IF 2.9 Q2 RESPIRATORY SYSTEM Pub Date : 2024-04-01 Epub Date: 2024-01-16 DOI: 10.4046/trd.2023.0068
Tae Hoon Kim, I Re Heo, Na Young Kim, Joo Hun Park, Hee-Young Yoon, Ji Ye Jung, Seung Won Ra, Ki-Suck Jung, Kwang Ha Yoo, Ho Cheol Kim

Background: Exercise capacity is associated with lung function decline in chronic obstructive pulmonary disease (COPD) patients, but a discrepancy between exercise capacity and airflow limitation exists. This study aimed to explore factors contributing to this discrepancy in COPD patients.

Methods: Data for this prospective study were obtained from the Korean COPD Subgroup Study.

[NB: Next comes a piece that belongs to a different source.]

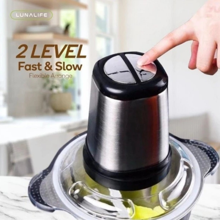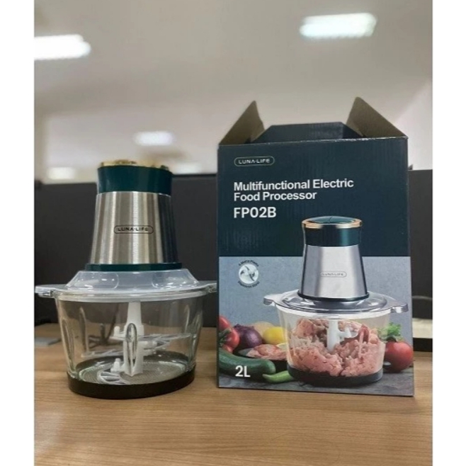 LUNALIFE Food Chopper Multifunctional Electric Food Processor FP02B 2L Chopper Kaca Blender Premium
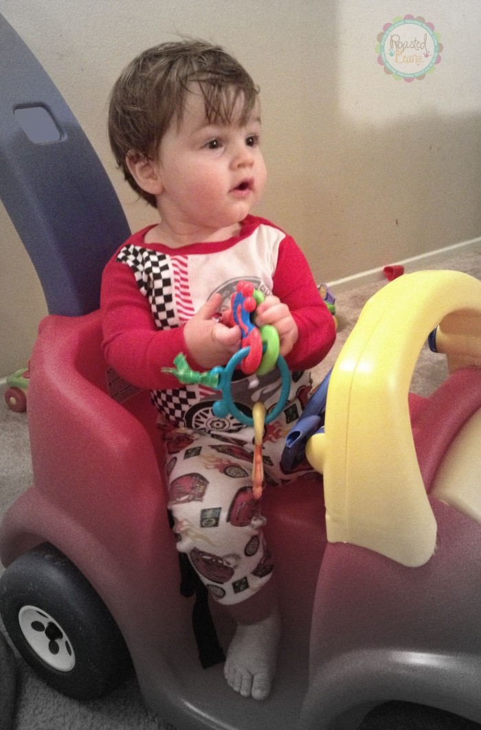 Otis is in full-on teething mode. {And lets just say he doesn’t like it one bit!} So these keys offer a fun, funky, and great way to introduce textures to those sore gums. Perfect for little fingers, he not only loves to gnaw on them but to play with them too. As his collection of great car-themed goodies grows, these were spot-on for adding to his favorites!

The exercise capacity and airflow limitation were assessed using the 6-minute walk distance (6-MWD; m) and forced expiratory volume in 1 second (FEV1). Participants were divided into four groups: FEV1 >50%+6-MWD >350, FEV1 >50%+6- MWD ≤350, FEV1 ≤50%+6-MWD >350, and FEV1 ≤50%+6-MWD ≤350 and their clinical characteristics were compared.

Results: A total of 883 patients (male:female, 822:61; mean age, 68.3±7.97 years) were enrolled. Among 591 patients with FEV1 >50%, 242 were in the 6-MWD ≤350 group, and among 292 patients with FEV1 ≤50%, 185 were in the 6-MWD >350 group. The multiple regression analyses revealed that male sex (odds ratio [OR], 8.779; 95% confidence interval [CI], 1.539 to 50.087; p=0.014), current smoking status (OR, 0.355; 95% CI, 0.178 to 0.709; p=0.003), and hemoglobin levels (OR, 1.332; 95% CI, 1.077 to 1.648; p=0.008) were significantly associated with discrepancies in exercise capacity and airflow limitation in patients with FEV1 >50%. Meanwhile, in patients with FEV1 ≤50%, diffusion capacity of carbon monoxide (OR, 0.945; 95% CI, 0.912 to 0.979; p=0.002) was significantly associated with discrepancies between exercise capacity and airflow limitation.

Conclusion: The exercise capacity of COPD patients may be influenced by factors other than airflow limitation, so these aspects should be considered when assessing and treating patients.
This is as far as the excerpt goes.